PROBLEM REQUIREMENTS -
Your copy should repeat each record exactly and contain none of the pictures.

MATERIAL FOR THIS TASK -
•••

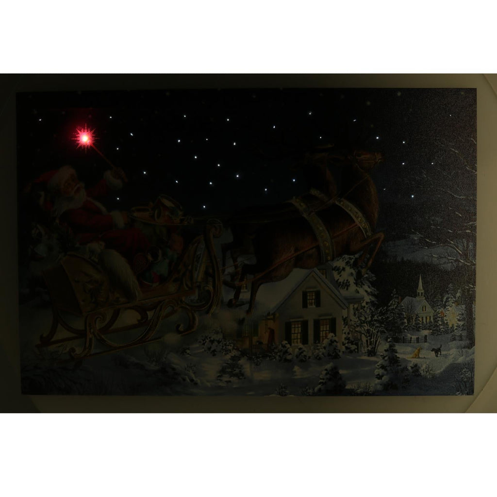 Quadro legno led babbo con renne rettangolare cm 60x40x1,8
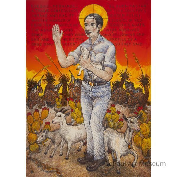 Updating the biblical description of Christ as a Good Shepherd who “lays down his life for the sheep,” a metaphor for Christ’s sacrifice of his own life to ensure the salvation of sinners, Luis Jiménez’s El Buen Pastor references the 1997 murder of 18-year-old high school student and shepherd, Esequiel Hernández Jr. Hernández was tending to his sheep close to the U.S. / Mexico border where troops had been deployed in order to stop the movement of drugs. With his flock having recently been the victim of attacks by local wildlife, Hernández shot his rifle into the distance at what he thought was a wild dog. Little did he know that this was actually a camouflaged group of three U.S. Marines who fired back, killing Hernández. Jiménez’s print depicts the young Hernández as a saintly figure who, with a lamb cradled in his left arm, holds up his right hand as if miming the now all too common “don’t shoot!” to the crouched gunmen depicted in the background. The halo-like circle around the figure’s head is ironically depicted as the crosshairs of the lethal weapon.
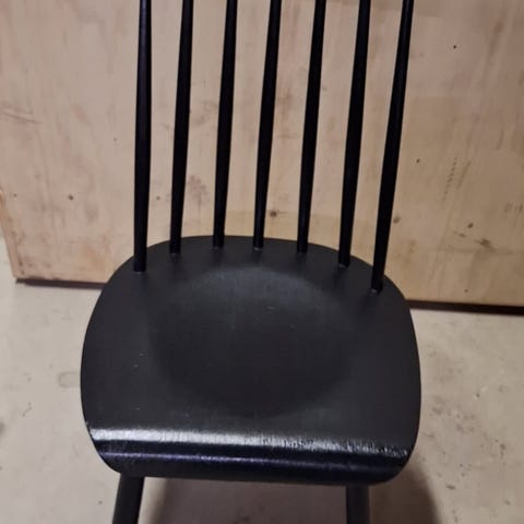 Suloinen pieni pinnatuoli, olisikohan 1960- tai 1970-luvulta? 🙂 Alkuperäiskuntoinen. Tuolissa näkyy ajan ja käytön patina, mutta sanoisin sen olevan silti hyväkuntoinen ja tukevakin. Suurin "moite" lienee yhden tukipuun/tukipinnan lohkeama, se näkyy kuvissa. Näppärä voi toki korjata ja tuunata tuolia edelleen, mutta näinkin tämä menee, jos ei täydellisyys tai uudenveroisuus ole kriteereinä. 🙂 Jaloista yksi on päästään hiukan kärsineempi muita, siitäkin kuva.
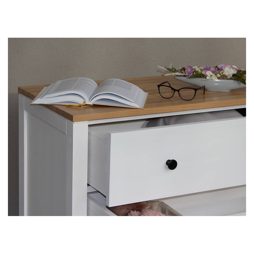 Masivní komoda ROMA White je povrchově upravena vodou ředitelnými akrylovými barvami, které zdůrazní jedinečnou dřevitou kresbu.
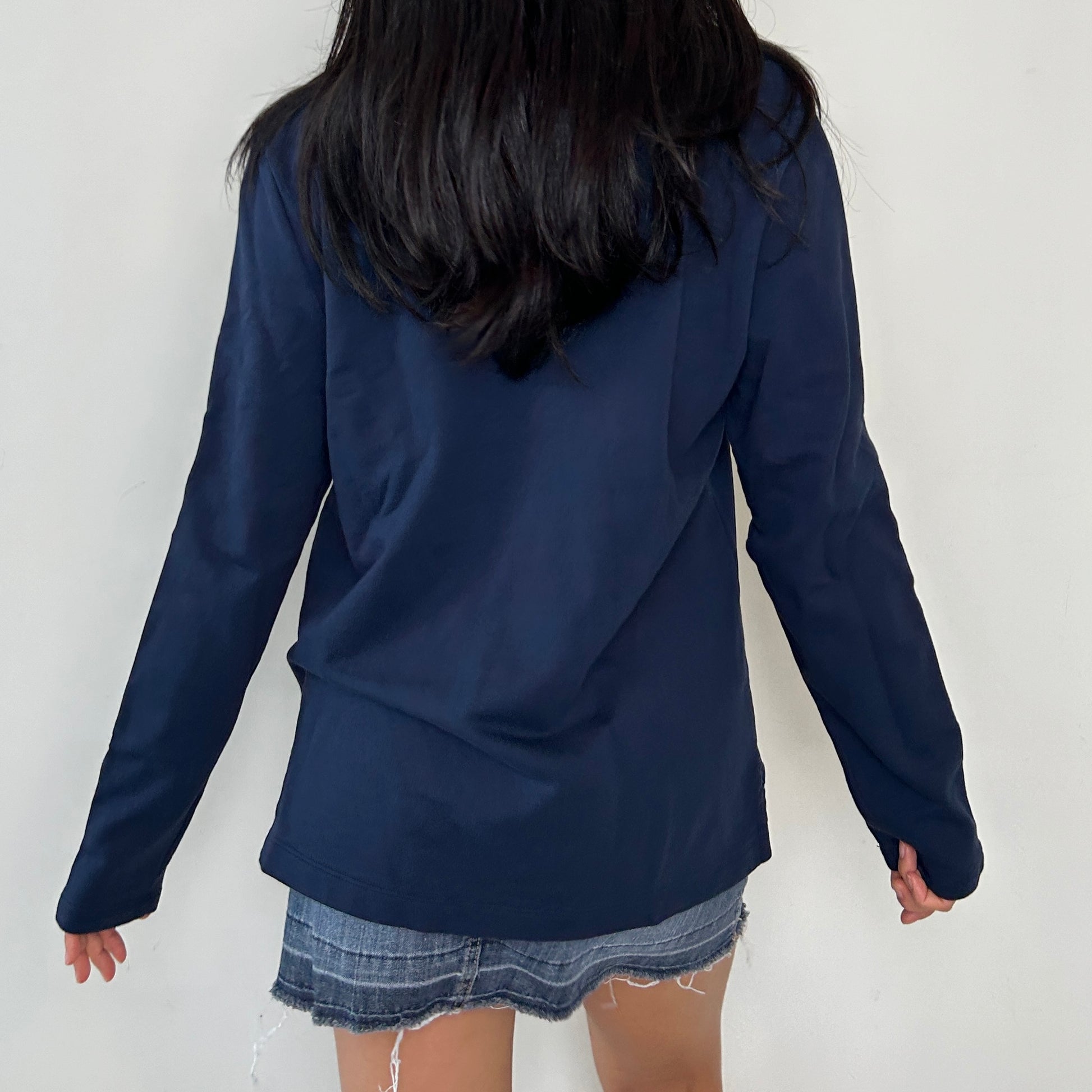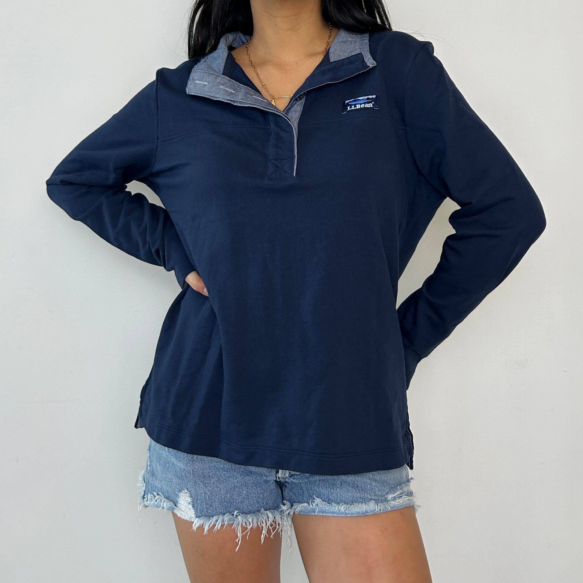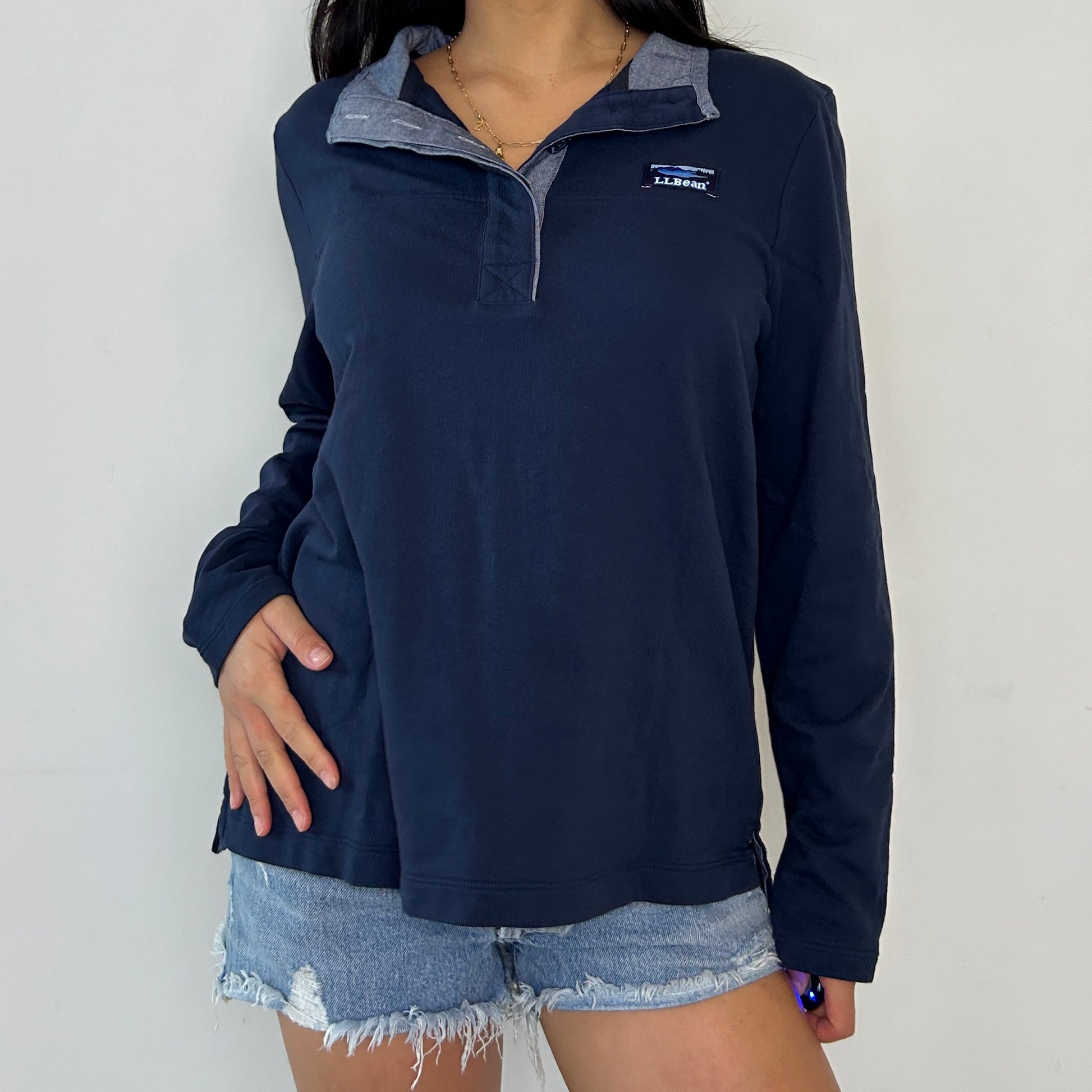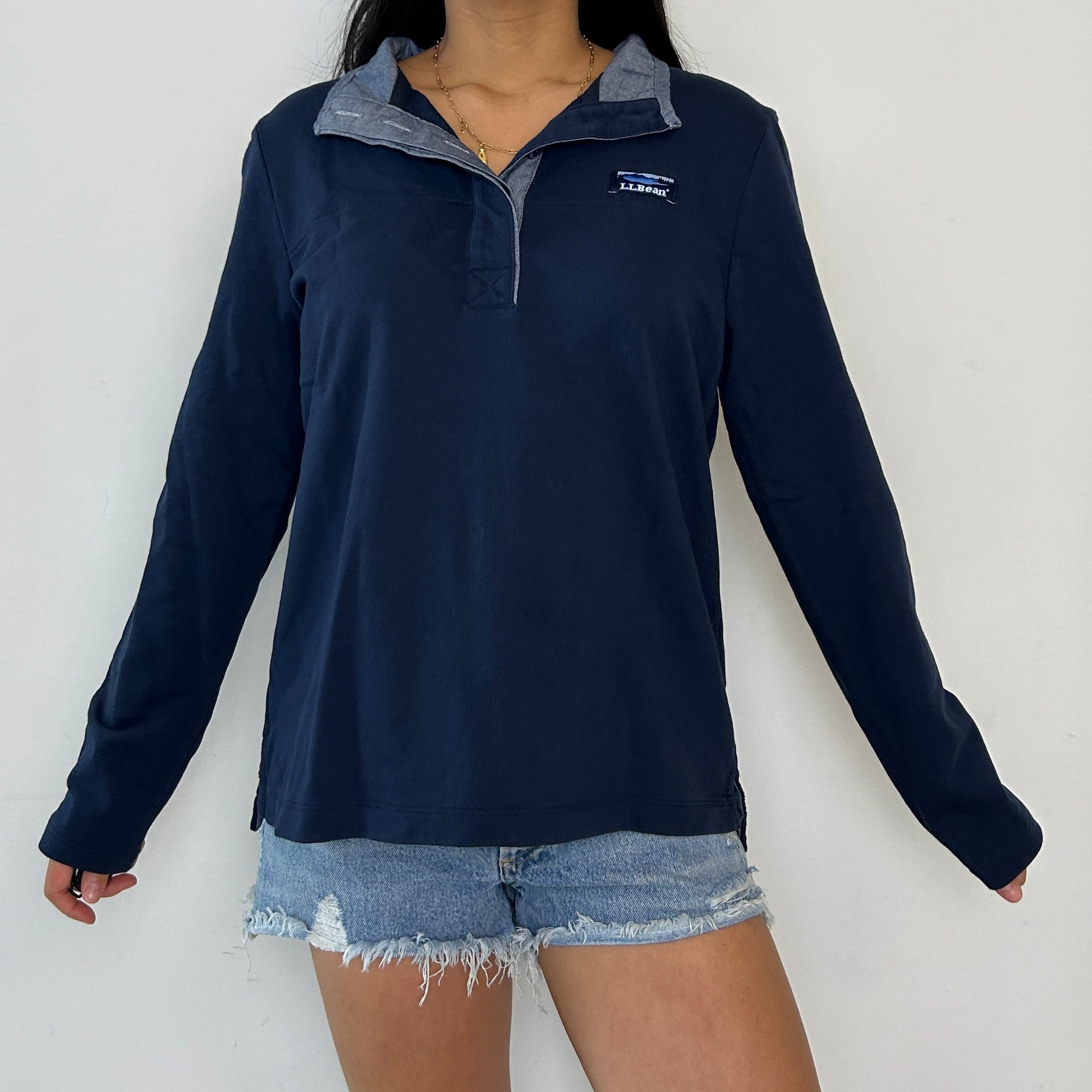 Details: Navy with long sleeves; half-snap placket; pullover; classic L.L. Bean Mount Katahdin logo

•••

OUTPUT FOR THIS EXERCISE -
 Quadro legno led babbo con renne rettangolare cm 60x40x1,8
 Updating the biblical description of Christ as a Good Shepherd who “lays down his life for the sheep,” a metaphor for Christ’s sacrifice of his own life to ensure the salvation of sinners, Luis Jiménez’s El Buen Pastor references the 1997 murder of 18-year-old high school student and shepherd, Esequiel Hernández Jr. Hernández was tending to his sheep close to the U.S. / Mexico border where troops had been deployed in order to stop the movement of drugs. With his flock having recently been the victim of attacks by local wildlife, Hernández shot his rifle into the distance at what he thought was a wild dog. Little did he know that this was actually a camouflaged group of three U.S. Marines who fired back, killing Hernández. Jiménez’s print depicts the young Hernández as a saintly figure who, with a lamb cradled in his left arm, holds up his right hand as if miming the now all too common “don’t shoot!” to the crouched gunmen depicted in the background. The halo-like circle around the figure’s head is ironically depicted as the crosshairs of the lethal weapon.
 Suloinen pieni pinnatuoli, olisikohan 1960- tai 1970-luvulta? 🙂 Alkuperäiskuntoinen. Tuolissa näkyy ajan ja käytön patina, mutta sanoisin sen olevan silti hyväkuntoinen ja tukevakin. Suurin "moite" lienee yhden tukipuun/tukipinnan lohkeama, se näkyy kuvissa. Näppärä voi toki korjata ja tuunata tuolia edelleen, mutta näinkin tämä menee, jos ei täydellisyys tai uudenveroisuus ole kriteereinä. 🙂 Jaloista yksi on päästään hiukan kärsineempi muita, siitäkin kuva.
 Masivní komoda ROMA White je povrchově upravena vodou ředitelnými akrylovými barvami, které zdůrazní jedinečnou dřevitou kresbu.
 Details: Navy with long sleeves; half-snap placket; pullover; classic L.L. Bean Mount Katahdin logo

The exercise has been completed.